Primary outcome of heart failure

Table 2 shows the number of incident cases of heart failure during follow-up and the directly age standardised incidence rates in each cohort. There were 25 480 cases of heart failure in the QResearch derivation cohort, 8189 in the QResearch validation cohort, and 11 311 in the CPRD validation cohort.

Table 2.

Numbers of incident cases of HF during follow-up and age standardised incidence rates per 1000 person years in men and women with diabetes aged 25–84 years in the derivation cohort and validation cohorts

QResearch derivation cohort
QResearch validation cohort
CPRD validation cohort
Total HF cases Rate per 1000 person years (95% CI) Total HF cases Rate per 1000 person years (95% CI) Total HF cases Rate per 1000 person years (95% CI)
Women 10 710 9.09 (8.92 to 9.26) 3395 8.99 (8.68 to 9.29) 4827 9.05 (8.79 to 9.31)
Men 14 770 11.66 (11.47 to 11.85) 4794 11.79 (11.46 to 12.12) 6484 11.44 (11.16 to 11.72)

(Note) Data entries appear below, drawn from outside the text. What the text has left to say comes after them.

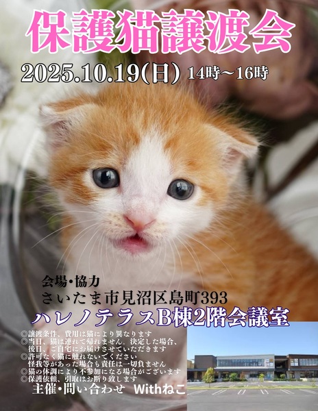 | イベント内容 | 留守時間が長いおうちでも 一緒に過ごせる おとな猫も多数参加します いいご縁を結びにいらしてください ☆参加予定猫についてはこちらをご覧ください→開催1週間前にYoutubeにて公開 https://www.youtube.com/@withneko2222 ※当日、猫の体調・里親決定の場合は不参加になる場合がございます さいたま市近郊で活動している個人ボランティアさんが参加する 冷暖房完備の会議室をお借りして区切られたお部屋で ゆっくり猫と触れ合える環境でのアットホームな譲渡会です 大切に育ててきた子猫から大人猫までが参加します 入場は無料です ☆2019年3月より開催しております こちらの会場で しあわせにゃんこになった数は 400匹以上です ☆一匹一匹清潔な環境で丁寧に健康管理に気を付けて育てています※必要医療は全てかけています ☆里親様のご年齢により 高齢の猫の譲渡も行っています ☆初めて猫を飼う方でも不安がないよう アドバイスさせていただきます 【ご支援のお願い】 おうちで購入したけど食べなかったキャットフード・ペットシート・猫砂等ございましたら お持ちいただければ助かる命があります。ご協力お願いいたします 協力・会場 http://hare-terra.com ハレノテラスB棟 2階会議室【無料駐車場320台】 所在地 埼玉県さいたま市見沼区島町393番地 |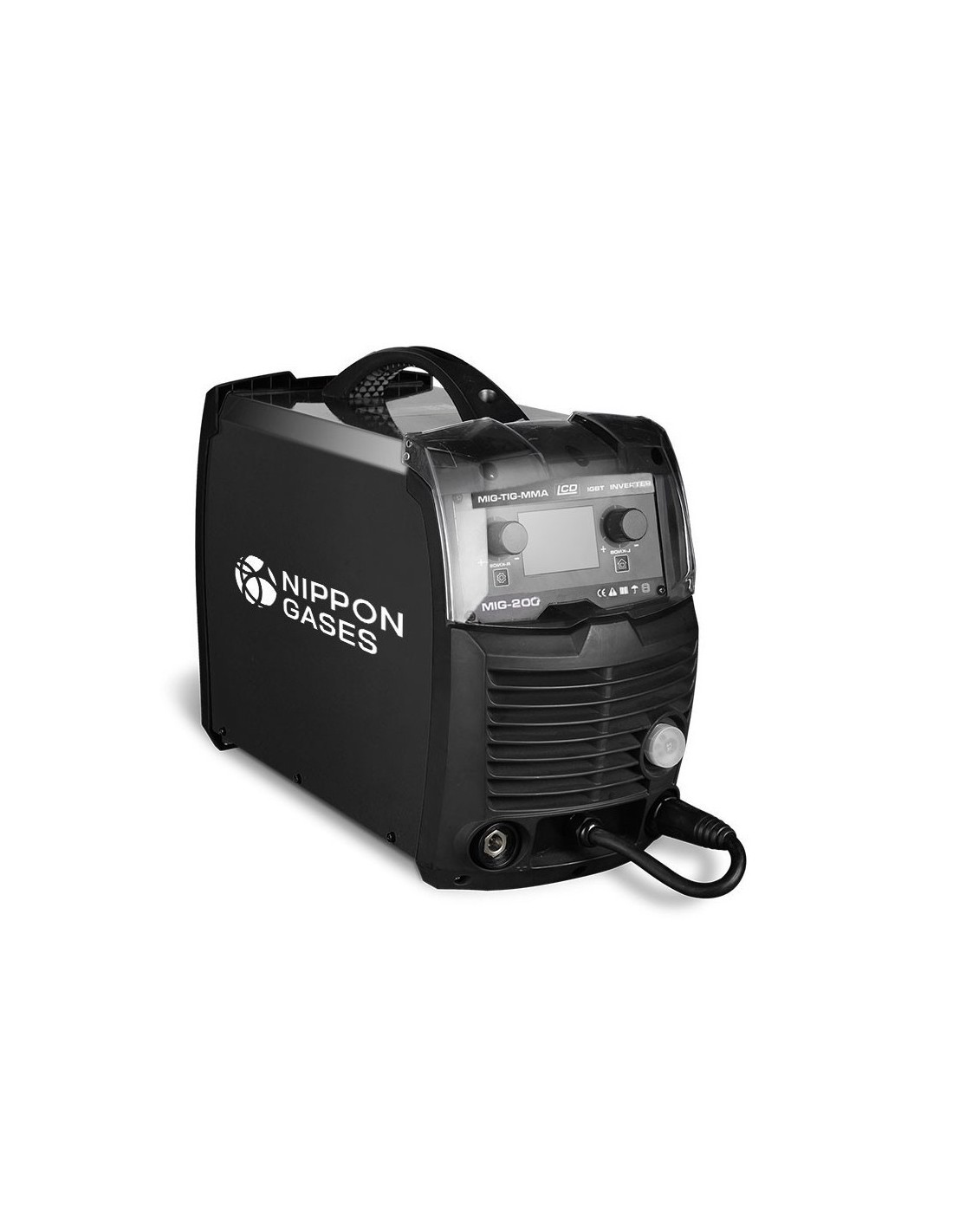 Equipo inverter sinérgico monofásico multiproceso de alto rendimiento (MMA / MIG / TIG). Regulación sinérgica. Ligero y portátil. Panel digital LCD de fácil manejo. Suministrada completa lista para usar.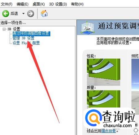 进入之后,点击“管理3D设置”,进入下一页面,如图所示。

Rates were directly age standardised to the overall age distribution of patients aged 25–84 years within the QResearch derivation cohort in 5-year age bands.

HF, heart failure.

Predictor variables

Table 3 shows adjusted HRs for variables in the final models for men and women in the derivation cohort which included: age, BMI, systolic blood pressure, cholesterol/HDL, HbA1c, deprivation, duration and type of diabetes, smoking status, ethnicity, atrial fibrillation, cardiovascular disease and chronic renal disease (the univariate associations are shown in online supplementary table 3). Increasing duration of diabetes was associated with increased heart failure risk despite adjustment for current age and other risk factors. Non-Caucasian ethnic groups tended to have a lower risk of heart failure compared with those whose ethnic group was either Caucasian or not recorded. There was a ‘dose–response’ relationship for smoking with heavy smokers having the highest risk of heart failure. In women, type 1 diabetes had a 38% higher risk of heart failure compared with type 2; atrial fibrillation: 143% higher risk; cardiovascular disease: 96% increased risk; and chronic renal disease: 64% increased risk. The pattern was similar for men. Figure 1 shows the adjusted HRs using fractional polynomial terms for continuous variables. Increasing age, BMI, systolic blood pressure, and HbA1c were all associated with increasing HRs of heart failure.

Table 3.

Adjusted HRs with 95% CIs for heart failure in men and women in the derivation cohort

  Adjusted HR (95% CI)
Women* Men†
Age‡ 1.076 (1.074 to 1.079) 1.069 (1.067 to 1.071)
Cholesterol/HDL ratio‡ 1.04 (1.01 to 1.06) 1.03 (1.01 to 1.04)
Townsend deprivation score‡,§ 1.25 (1.21 to 1.28) 1.17 (1.14 to 1.20)
Duration of diabetes at baseline (years)
 <1 1 1
 1–3 1.45 (1.38 to 1.53) 1.29 (1.23 to 1.35)
 4–6 1.53 (1.44 to 1.63) 1.47 (1.39 to 1.55)
 7–10 1.72 (1.62 to 1.84) 1.49 (1.41 to 1.58)
 ≥11 1.94 (1.83 to 2.07) 1.72 (1.63 to 1.81)
Smoking status
 Non-smoker 1 1
 Ex-smoker 1.10 (1.05 to 1.15) 1.03 (0.99 to 1.07)
 Light smoker (1–9 cigarettes/day) 1.33 (1.23 to 1.43) 1.34 (1.27 to 1.41)
 Moderate smoker (10–19 cigarettes/day) 1.52 (1.38 to 1.69) 1.35 (1.23 to 1.48)
 Heavy smoker (20+ cigarettes/day) 1.74 (1.55 to 1.95) 1.51 (1.38 to 1.66)
Ethnicity
 Caucasian/not recorded 1 1
 Indian 1.01 (0.89 to 1.16) 0.94 (0.84 to 1.05)
 Pakistani 1.09 (0.92 to 1.29) 0.92 (0.80 to 1.06)
 Bangladeshi 0.94 (0.78 to 1.13) 1.14 (1.00 to 1.30)
 Other Asian 0.96 (0.76 to 1.22) 0.77 (0.63 to 0.95)
 Black Caribbean 0.73 (0.64 to 0.83) 0.77 (0.68 to 0.88)
 Black African 0.91 (0.72 to 1.16) 0.68 (0.53 to 0.87)
 Chinese 0.78 (0.47 to 1.29) 0.41 (0.24 to 0.70)
 Other ethnic group 0.82 (0.68 to 0.99) 0.74 (0.62 to 0.87)
Comorbidity
 Type 1 diabetes¶ 1.38 (1.20 to 1.58) 1.19 (1.06 to 1.34)
 Atrial fibrillation** 2.43 (2.27 to 2.60) 2.07 (1.95 to 2.19)
 Cardiovascular disease** 1.96 (1.88 to 2.04) 2.19 (2.12 to 2.27)
 Chronic renal disease** 1.64 (1.40 to 1.91) 1.77 (1.57 to 2.01)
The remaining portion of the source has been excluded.